Staff Site Reliability Engineer, Release Engineering
WFA Digital Insight
As the demand for reliable and scalable digital infrastructure grows, so does the need for skilled Site Reliability Engineers. With the rise of remote work, companies like Plaid are looking for experts who can ensure seamless deployment and operation of complex systems. The market context is clear: the shift to online financial services has led to a 25% increase in demand for SREs in the past year. Plaid stands out for its commitment to empowering financial transformation, and this role is a unique chance to shape the company's reliability practices. Before applying, candidates should be aware of the high expectations for technical leadership and the need to drive organizational change.
Job Description
About the Role
The Staff Site Reliability Engineer role at Plaid is a technical leadership position that entails defining and scaling the company's reliability practices across product engineering. As a key member of the Infrastructure team, you will architect the SLO and error-budget framework, drive the adoption of progressive delivery, and ensure new products are production-ready. You will partner with product and platform teams to translate complex production needs into intuitive, self-service tooling.The Release Engineering team at Plaid owns the path from merge to production, including zero-touch deployment, progressive rollouts, metric-gated analysis, and automatic rollback. The goal is to make safe shipping the default for every product team. As a Staff Site Reliability Engineer, you will lead the expansion of reliability standards across product engineering, converting foundational infrastructure into lasting operational habits and tooling.
Plaid's culture is rooted in impact and collective growth, and the company seeks technical leaders who resonate with its principles of inventing tomorrow and embracing openness. The mission at Plaid is to unlock financial freedom for everyone, and to support this mission, the company seeks to build a diverse team of driven individuals who care deeply about making the financial ecosystem more equitable.
What You Will Do
- Lead the expansion of reliability standards across product engineering
- Architect and manage the SLO and error-budget framework
- Promote widespread use of progressive delivery and automated safety gates
- Guide emerging product teams toward production readiness
- Collaborate with SRE, Platform, and Infrastructure teams to transform complex production requirements into intuitive, self-service platform features
- Direct the response to critical incidents and ensure the resulting post-mortem actions yield permanent improvements to the platform
- Prepare for an AI-driven development landscape by scaling safety nets to handle an increased volume and frequency of code changes
- Define and scale Plaid's reliability practices across product engineering
- Drive the adoption of progressive delivery and automated safety gates
- Ensure new products are production-ready
What We Are Looking For
- Over 8 years of professional experience in backend systems, SRE, or platform engineering roles
- Proven track record of designing reliability programs that achieved cross-team adoption
- Direct experience building or operating canary rollout systems, metric-gated analysis, or automated rollback infrastructure
- Technical proficiency in software development, with a preference for Go or similar systems languages
- Ability to drive organizational change and influence engineering culture without formal authority
- Sound technical judgment in high-stakes production scenarios, balancing user impact with developer velocity
- Prior exposure to Kubernetes, service mesh technologies, Prometheus, or ArgoCD
Nice to Have
- Experience with AI-assisted development and its implications for reliability and safety
- Knowledge of cloud-native technologies and their application in production environments
- Familiarity with Agile development methodologies and their implementation in engineering teams
Benefits and Perks
- Competitive salary and equity package
- Comprehensive health, dental, and vision insurance
- Generous PTO policy and paid holidays
- Remote work stipend and flexible working hours
- Professional development opportunities and conference sponsorships
- Access to cutting-edge technologies and tools
- Collaborative and dynamic work environment
How to Stand Out
- To stand out in your application, highlight your experience with reliability programs and progressive delivery, and provide specific examples of how you drove adoption and improvement in your previous roles.

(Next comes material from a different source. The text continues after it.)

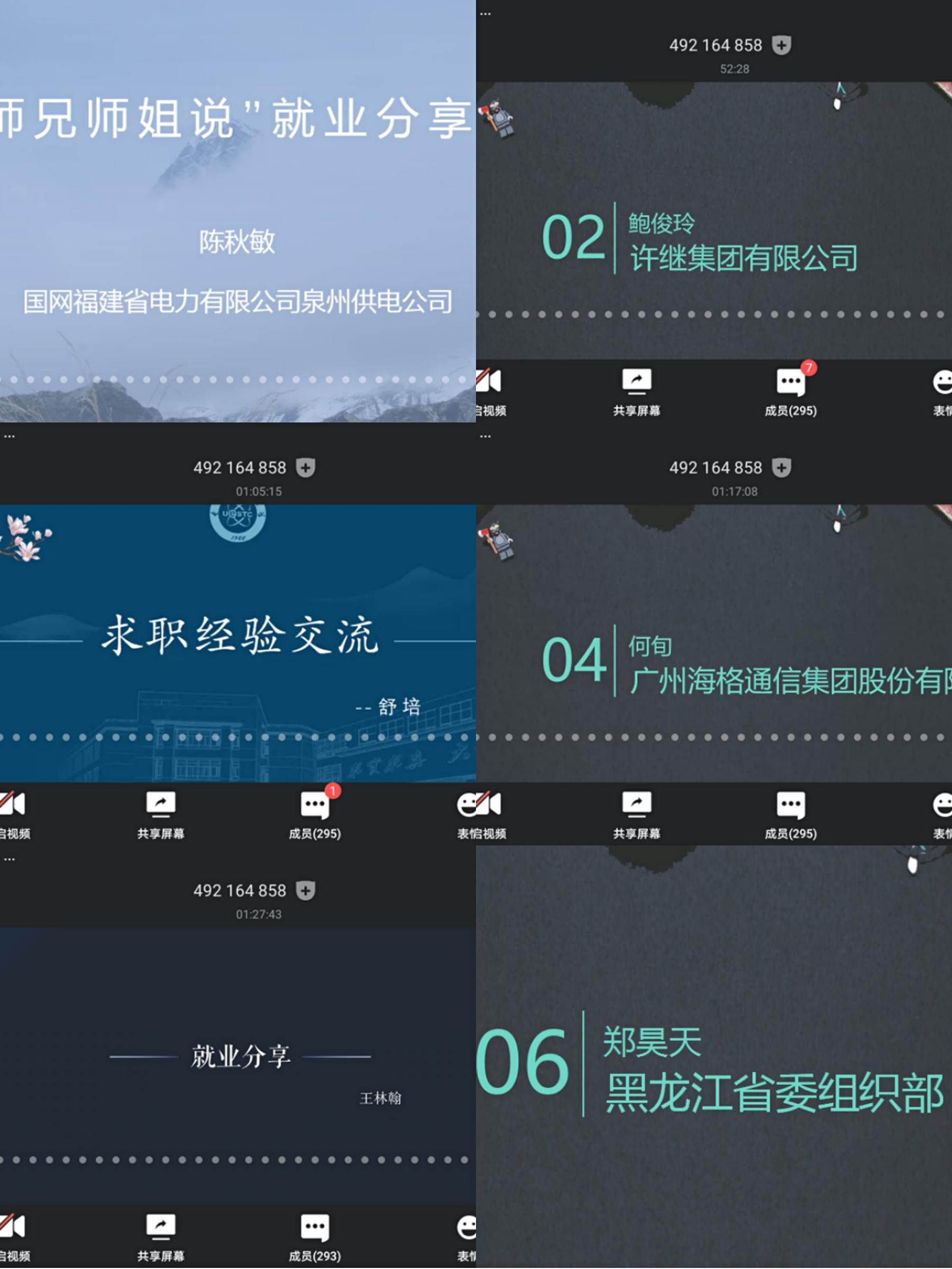 陈秋敏师姐从国网的招聘大纲开始讲起,详细介绍了不同省份国网招聘的不同要求。师姐向大家分享了自己参与国网提前批招聘的求职经验。最后,她鼓励大家提前了解用人单位的现状和未来发展,为今后的职业选择做好准备。鲍俊玲师姐为大家介绍了许继集团的基本情况。师姐从自身为何选择国有企业出发,建议同学们提前做好准备。同时她还透露许继集团近年来招聘女生较多,希望学妹们积极尝试。接下来的舒培师兄和何旬师姐主要从求职过程中的笔试和面试经历给大家分享经验。两位师兄师姐还给大家分享了一些个人见闻和笔试面试技巧。王林翰师兄则主要从着手找工作到最后收到offer的整个过程进行梳理,给出自己的中肯意见和建议。他鼓励线上的各位同学相信自己的实力,不卑不亢,双向选择。

- Make sure to showcase your technical proficiency in software development, particularly with Go or similar systems languages.

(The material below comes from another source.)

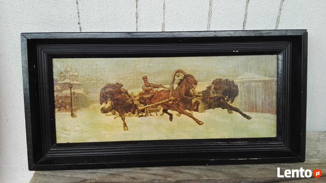 Mała reprodukcja znanego obrazu Józefa Chełmońskego Trójka, olej na płótnie

- Emphasize your ability to drive organizational change and influence engineering culture without formal authority, as this is a key aspect of the Staff Site Reliability Engineer role.

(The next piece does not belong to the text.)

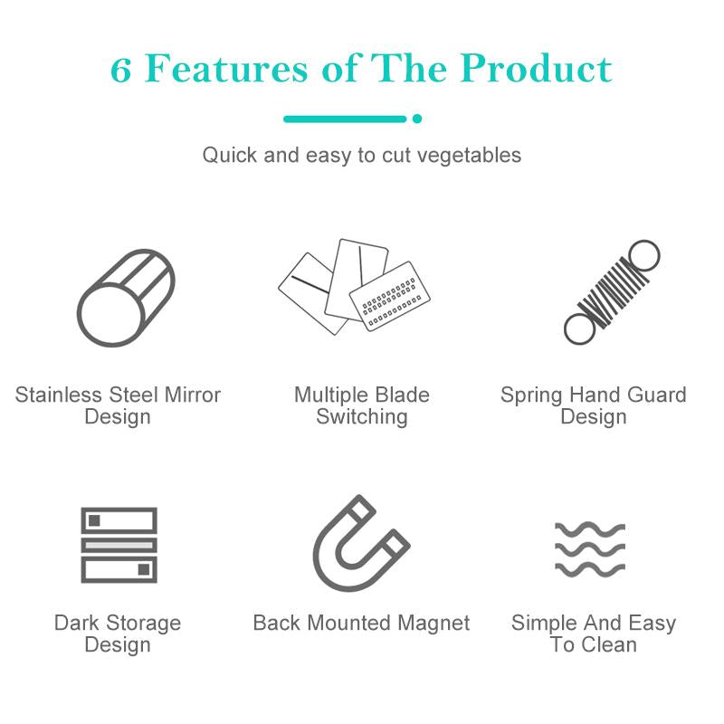 Hergestellt aus BPA-freiem ABS und einer Oberfläche aus 304-Edelstahl, der schimmelresistent und korrosionsbeständig ist, sorgt es dafür, dass Ihr Essen einen unverfälschten Geschmack behält. Die Klinge aus solidem Edelstahl ist sehr scharf und erleichtert das Schneiden erheblich.

- Prepare to discuss your experience with high-stakes production scenarios and how you balanced user impact with developer velocity.
- Be ready to talk about your vision for the future of reliability and safety in software development, and how you plan to contribute to Plaid's mission.
- Don't be afraid to ask about the company culture and values, and how they impact the way the team works and collaborates.
- Pay attention to the company's commitment to diversity and inclusion, and be prepared to discuss how you can contribute to these efforts.
This is a remote position listed on WFA Digital, the platform for professionals who work from anywhere. Browse more remote jobs across all categories.